Solved – Setting bias of output layer for imbalanced datasets

machine learningneural networks

From a blog post from Andrej Karpathy on training neural networks:

Initialize the final layer weights correctly. E.g. if you are regressing some values that have a mean of 50 then initialize the final bias to 50. If you have an imbalanced dataset of a ratio 1:10 of positives:negatives, set the bias on your logits such that your network predicts probability of 0.1 at initialization.

I don't understand the bolded sentence at all. What does predict 0.1 mean? Is it that all the outputs should be 0.1? How would one go about doing that?

Best Answer

He is referring to a problem where you have a one output, a sigmoid neuron. When you initialize the weights of the network you can set bias to approximately $-2.3$.

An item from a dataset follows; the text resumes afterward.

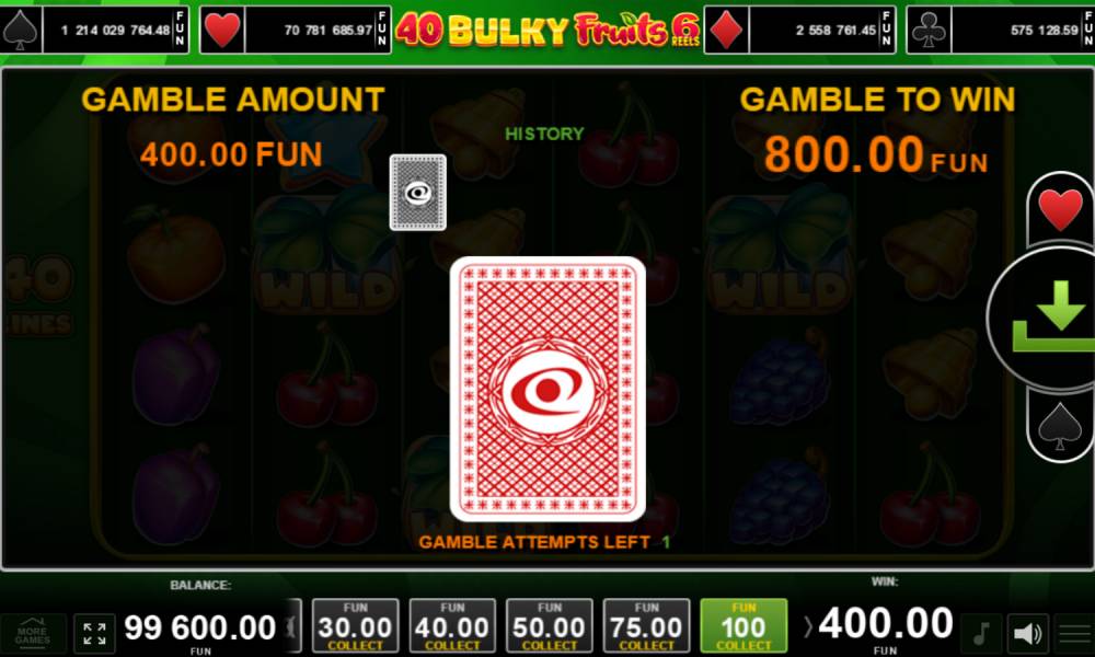 Players' adrenaline is maximized when chasing the big prize. The 40 Bulky Fruits 6 Reels online slot has something to fight for too. After all, there are four progressive jackpots. They correspond to card suits. How to win the jackpot? Turn over the cards one at a time until three of the same cards are found. The suit and will denote the prize. Its size is displayed above the reels. The good thing is that it is growing all the time, and stops and resets only at the moment of winning. This allows you to get large jackpots.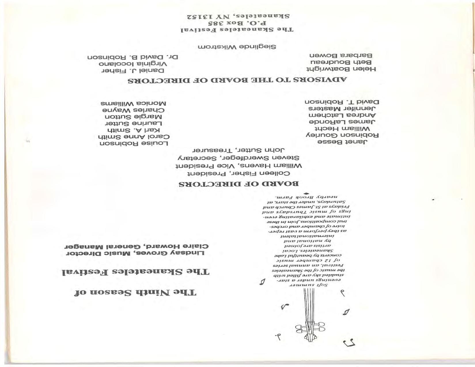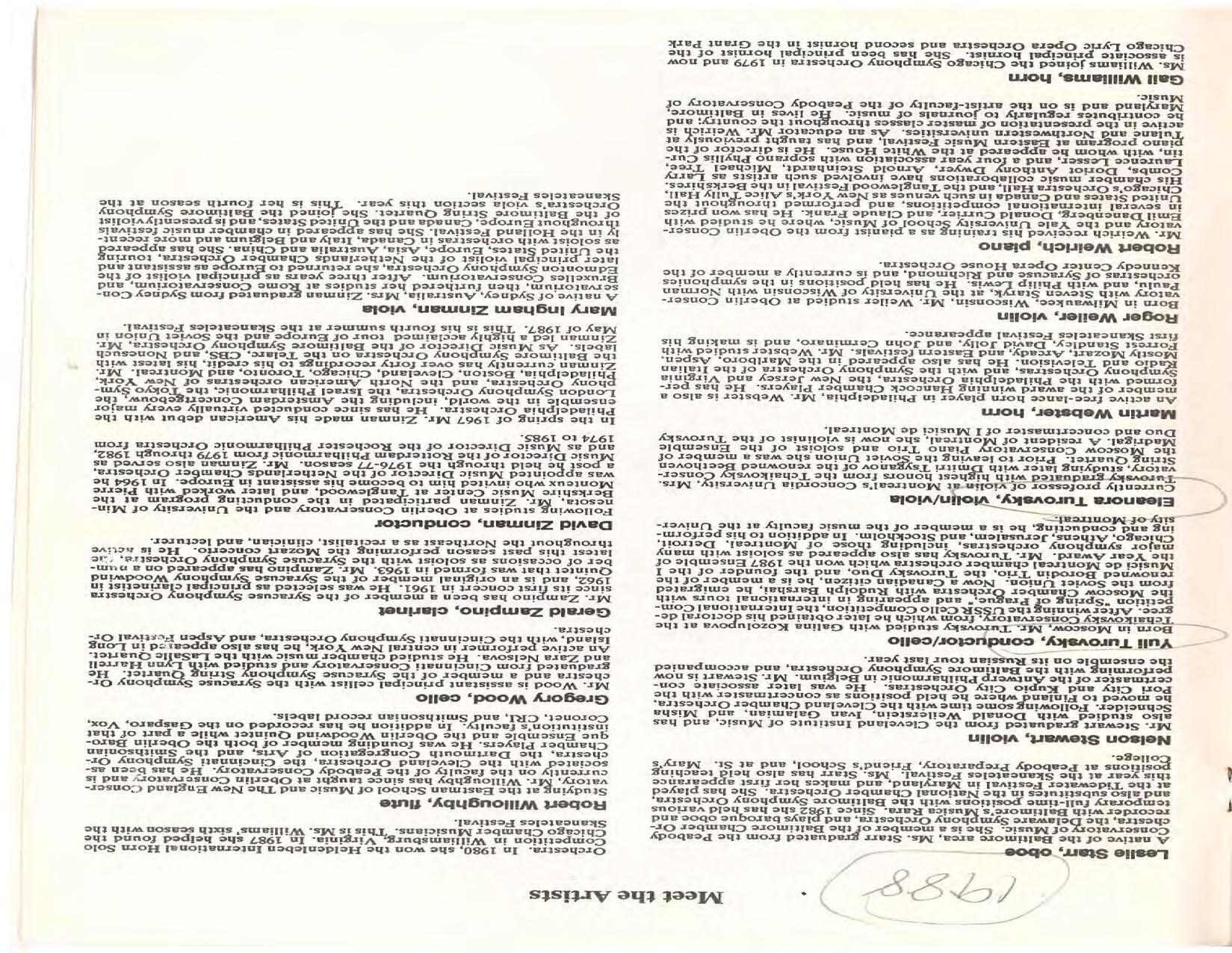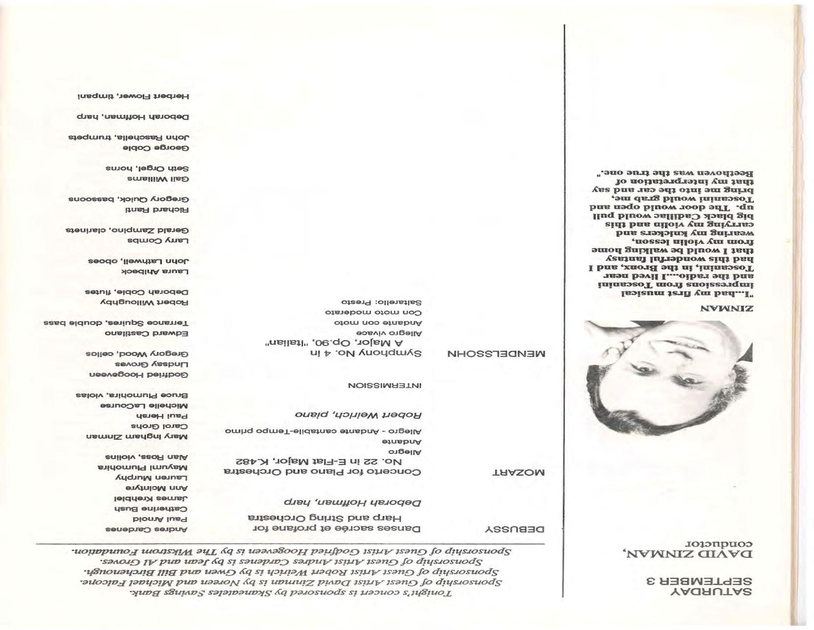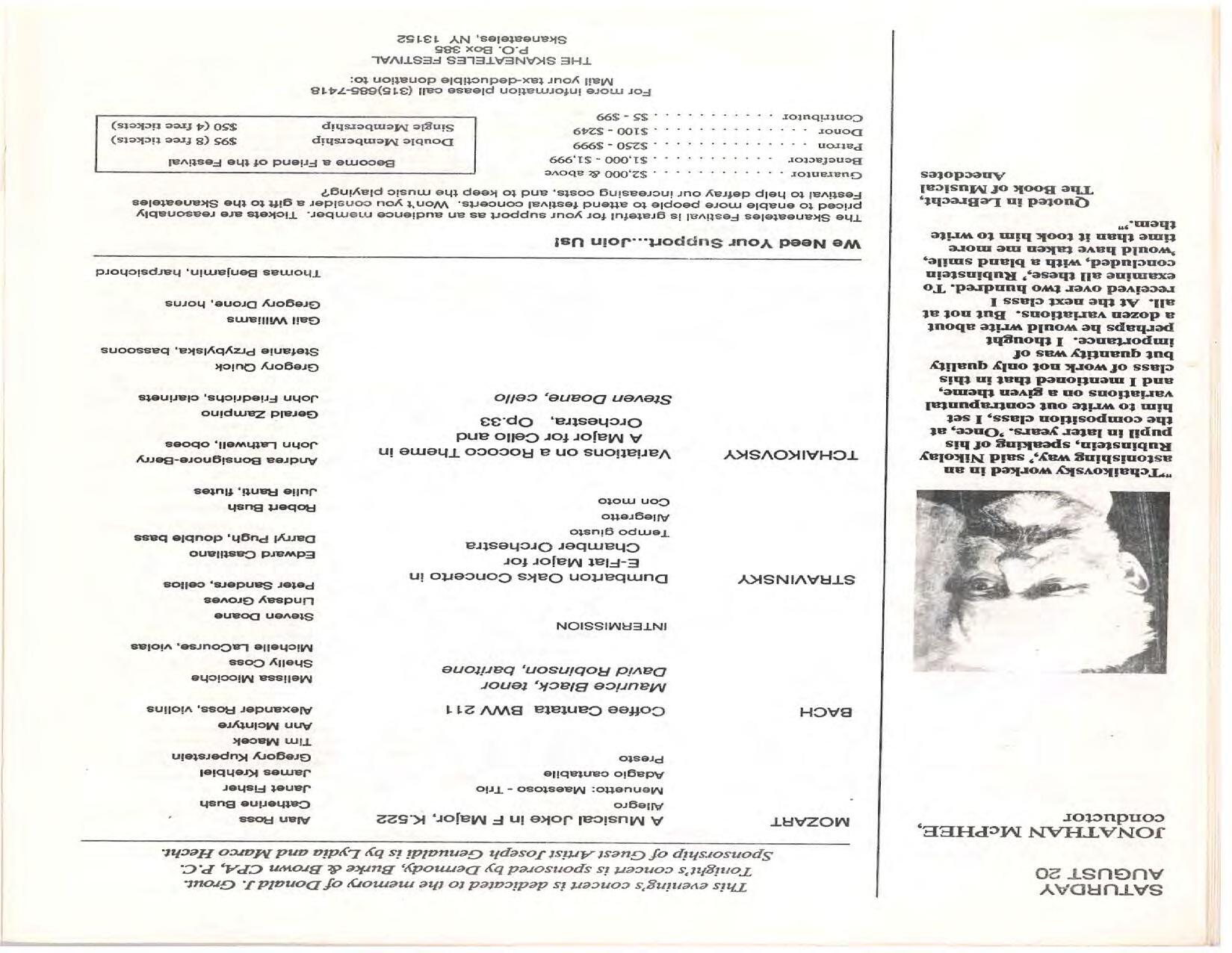 The Festival Educational Outreach Program presents Prokofiev’s Peter and the Wolf to 900 schoolchildren at Allyn Arena in June. Thomas Benjamin’s Nocturne/Aubade/Danse has its world premiere, with Andrea Bonsignore-Berry, oboe; Alan Ross, violin; Michelle LaCourse, viola; and Lindsay Groves, cello. Robert Weirich gives his first lecture-recital, on Elliott Carter’s Piano Sonata. Cellist Yuli Turovsky plays in Schubert’s Quintet for Strings, D. 956 and Tchaikovsky’s sextet Souvenir of Florence, solos in Boccherini’s Concerto for Cello and Strings, and conducts Mozart’s Symphony No. 40. Robert Weirich plays Mozart’s Piano Concerto No. 22 in the final concert, David Zinman conducting.

Why? The last layers bias is going to be dependant only on the statistics of the data, since it doesnt have any connection to the input. Meaning that if you have an imbalanced dataset, where you have 10 times as much negative examples as positive, and the network would consist only of this bias, then it would output on average the number 1/11. Output of 1/11 corresponds to input to sigmoid layer equal to $-log(10)$, which is $-2.3$

And as a comment, the unbolded sentence is bullshit. It's much better to normalize the targets in the data. Don't take someone's word for granted just because they are a big name in the field.